◆ Data supplied:
------------------------

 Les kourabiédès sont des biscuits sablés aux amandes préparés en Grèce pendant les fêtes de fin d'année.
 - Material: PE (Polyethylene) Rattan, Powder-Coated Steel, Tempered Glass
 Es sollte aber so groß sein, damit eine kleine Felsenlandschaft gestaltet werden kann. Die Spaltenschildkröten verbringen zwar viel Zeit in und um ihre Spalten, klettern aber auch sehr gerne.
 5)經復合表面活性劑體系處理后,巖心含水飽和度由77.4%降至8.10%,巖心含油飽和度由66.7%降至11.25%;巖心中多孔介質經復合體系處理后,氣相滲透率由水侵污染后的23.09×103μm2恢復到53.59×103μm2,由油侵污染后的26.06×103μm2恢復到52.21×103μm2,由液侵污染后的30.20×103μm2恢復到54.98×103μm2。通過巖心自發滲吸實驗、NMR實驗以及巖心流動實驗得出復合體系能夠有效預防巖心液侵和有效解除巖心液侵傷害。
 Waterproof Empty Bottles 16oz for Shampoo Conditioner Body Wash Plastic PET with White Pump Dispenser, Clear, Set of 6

------------------------

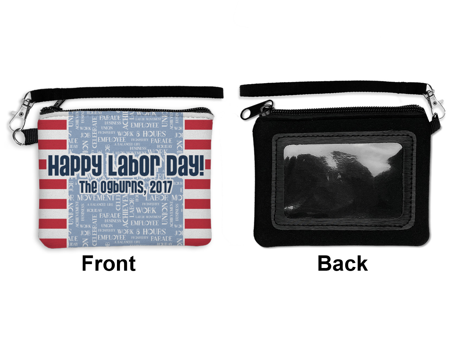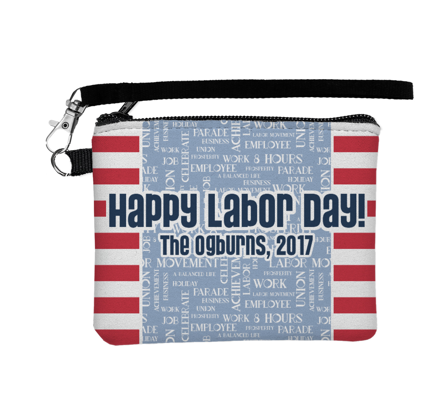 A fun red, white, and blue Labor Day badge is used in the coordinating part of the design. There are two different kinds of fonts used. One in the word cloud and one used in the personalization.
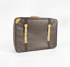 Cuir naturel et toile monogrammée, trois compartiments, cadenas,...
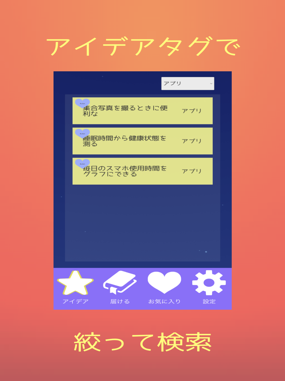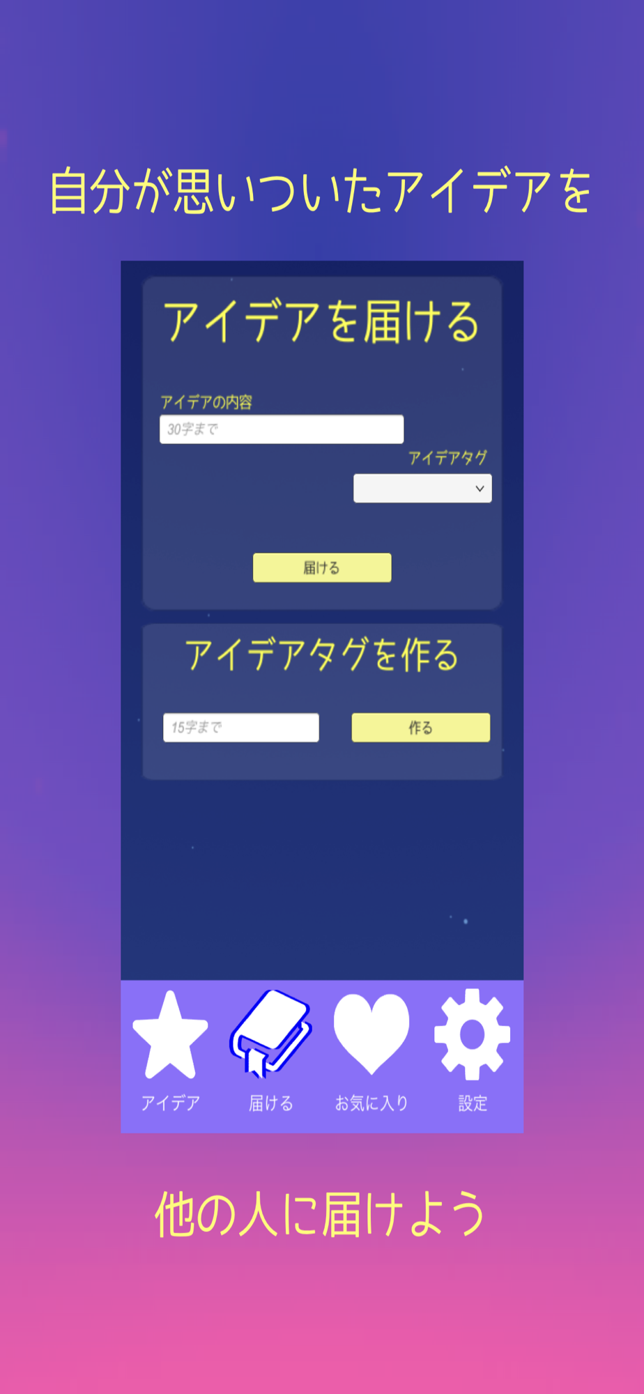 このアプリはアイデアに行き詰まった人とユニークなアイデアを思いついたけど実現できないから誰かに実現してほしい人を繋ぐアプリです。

------------------------

◆ What is expected: Taking the entries above, write out exactly each line from the one holding "Les kourabiédès sont" to the one holding "- Material: PE", both included, and stop there.

◆ Exercise output:
 Les kourabiédès sont des biscuits sablés aux amandes préparés en Grèce pendant les fêtes de fin d'année.
 - Material: PE (Polyethylene) Rattan, Powder-Coated Steel, Tempered Glass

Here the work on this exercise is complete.